Nearly a century ago, the Scopes trial of 1925 pitted a science teacher and his curriculum (which included evolutionary theory) against the state of Tennessee, which had just banned the subject in schools because, they said, it contradicted the Bible’s creation story. Evolutionary theory is the idea that living organisms change over time, adapting to their environments through a process called natural selection. The naturalist Charles Darwin observed and chronicled such adaptations in the beaks of finches in the Galapagos Islands. Like every other living thing, humans have evolved over time, and it’s that fact that certain folks seem to take the most issue with.

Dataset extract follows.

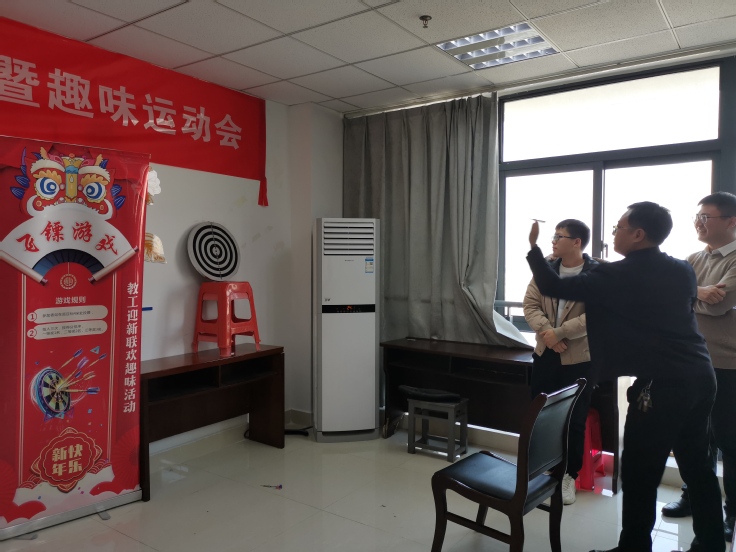 趣味游艺活动形式多样,以自由组队和系、教研室代表组队的形式进行。老师们热情高涨,踊跃参加,活动现场热闹非凡,洋溢着喜庆祥和的节日氛围。“投飞镖”等技能型游戏考验老师们的思辨力和专注力,“多人报团”、“抢板凳”等趣味性游戏考验老师们的应变力和协作力。欢笑声、呐喊声、助威声,一次次将活动推向高潮。

Over the decades, more and more Americans have accepted evolution by natural selection as a driving force of life on Earth. For a long time, though, the split was pretty much half-and-half, but a new study from the University of Michigan has found that the deniers are finally in the minority. The paper — published this week in the journal Public Understanding of Science — looked at opinions on evolution in public opinion surveys conducted since 1985. It found that a recent surge has pushed Americans over the halfway line in believing in the theory put forth by Darwin in his 1859 book On the Origin of Species.

Anti-evolution books being sold in Dayton, Tennessee, where the Scopes trial happened. (Photo: Topical Press Agency, Getty Images)
Anti-evolution books being sold in Dayton, Tennessee, where the Scopes trial happened. (Photo: Topical Press Agency, Getty Images)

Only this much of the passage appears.